The germinal matrix lines the ventricular margins and gives rise to neuroblasts. Around 8 weeks gestation, neuroblasts begin to proliferate and associate with specialized bipolar glial cells. The glial cells extend from the ventricular margin to the pial surface and provide a scaffolding to allow peripheral migration of neuroblasts. Newly formed cells migrate outward through pre-existing cell layers to reach superficial cortex. Neuronal migration in the cortex results in 6 cell layers and is completed by 6–8-months gestation.

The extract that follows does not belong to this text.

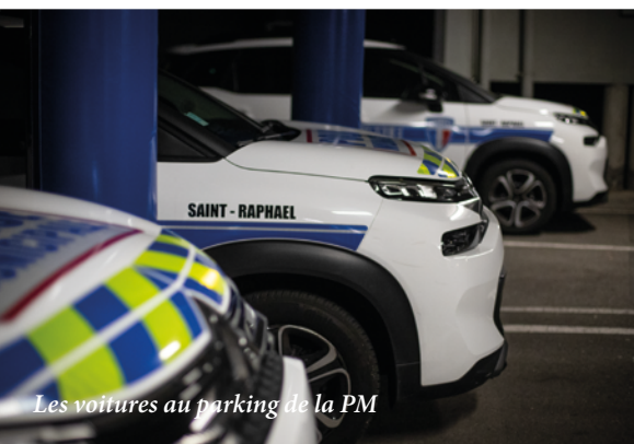
Les voitures au parking de la PM

Lissencephaly is a devastating brain malformation associated with seizures, profound developmental delay, and often death. Lissencephaly associated with facial dysmorphism is referred to as Miller-Dieker syndrome and is associated with deletions of chromosome 17p13.3 (LIS1 gene). The LIS1 gene is responsible for functional dynein and normal formation of the glial scaffolding.
The lissencephalic brain has total or near complete absence of sulcation. The lack of cerebral convolution results in a vertical sylvian fissure and a “figure of eight” appearance of the cerebral hemispheres. Histologically, the cortex has four instead of the normal six cell layer cortex. Counterintuitively, the two most superficial layers of cortex are formed early by the neurons that migrated normally, whereas the deeper layers are composed of neurons formed later that did not migrate. The third layer contains astrocytes, oligodendroglial cells, and dysplastic neurons. The fourth layer is the densely cellular and radially oriented.
Pilz D, Stoodley N, Golden JA. Neuronal migration, cerebral cortical development, and cerebral cortical anomalies. J Neuropathol Exp Neurol (2002); 61:1–11.